▶ _Exercise objective_:
Write every line below out again, exactly as given, but leave out the pictures.

━━━ Material provided ━━━

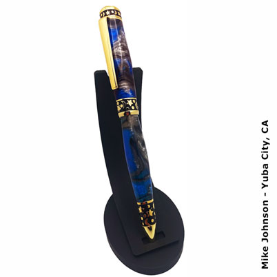 Inlace Acrylester #121 - Blue Damascus is made up of black, bright blue, and silver swirls. It is a great blend of colors that are perfect for anyone! Blanks are sized at 3/4" x 3/4" x 5".
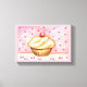 Cette impression sur toile présente un cupcake mignon avec des cerises. L'image provient d'une peinture originale.
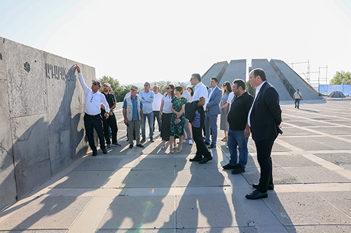 Ход работ представили директор Музея-института Геноцида армян Эдита Гзоян, члены архитектурной группы по капитальной реконструкции мемориала во главе с соавтором проекта Сашуром Калашяном, представители подрядной организации, осуществляющей строительные работы, а также ответственные должностные лица.

━━━

▶ _Problem solution_:
 Inlace Acrylester #121 - Blue Damascus is made up of black, bright blue, and silver swirls. It is a great blend of colors that are perfect for anyone! Blanks are sized at 3/4" x 3/4" x 5".
 Cette impression sur toile présente un cupcake mignon avec des cerises. L'image provient d'une peinture originale.
 Ход работ представили директор Музея-института Геноцида армян Эдита Гзоян, члены архитектурной группы по капитальной реконструкции мемориала во главе с соавтором проекта Сашуром Калашяном, представители подрядной организации, осуществляющей строительные работы, а также ответственные должностные лица.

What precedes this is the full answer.